PROBLEM DESCRIPTION
Look over the lines below. Report each one that includes the string "Legend".

THE DATA Start Marker

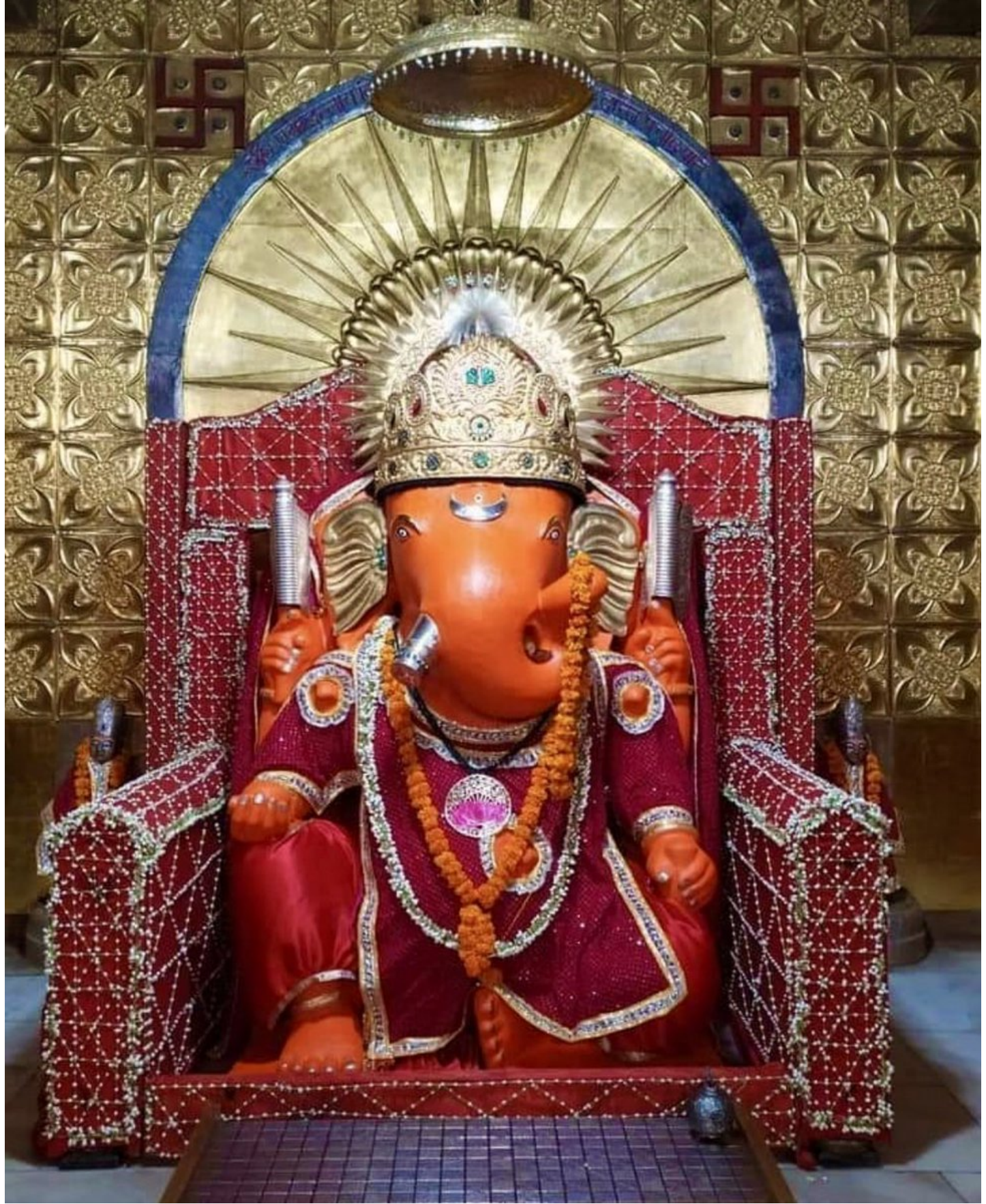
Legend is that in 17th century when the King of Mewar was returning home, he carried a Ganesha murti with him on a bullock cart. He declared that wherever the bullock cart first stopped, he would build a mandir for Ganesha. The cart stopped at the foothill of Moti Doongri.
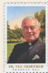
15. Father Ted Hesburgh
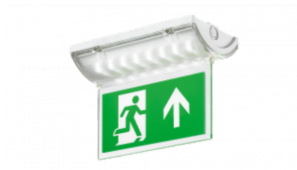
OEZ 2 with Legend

THE DATA End Marker

OUTPUT
Legend is that in 17th century when the King of Mewar was returning home, he carried a Ganesha murti with him on a bullock cart. He declared that wherever the bullock cart first stopped, he would build a mandir for Ganesha. The cart stopped at the foothill of Moti Doongri.
OEZ 2 with Legend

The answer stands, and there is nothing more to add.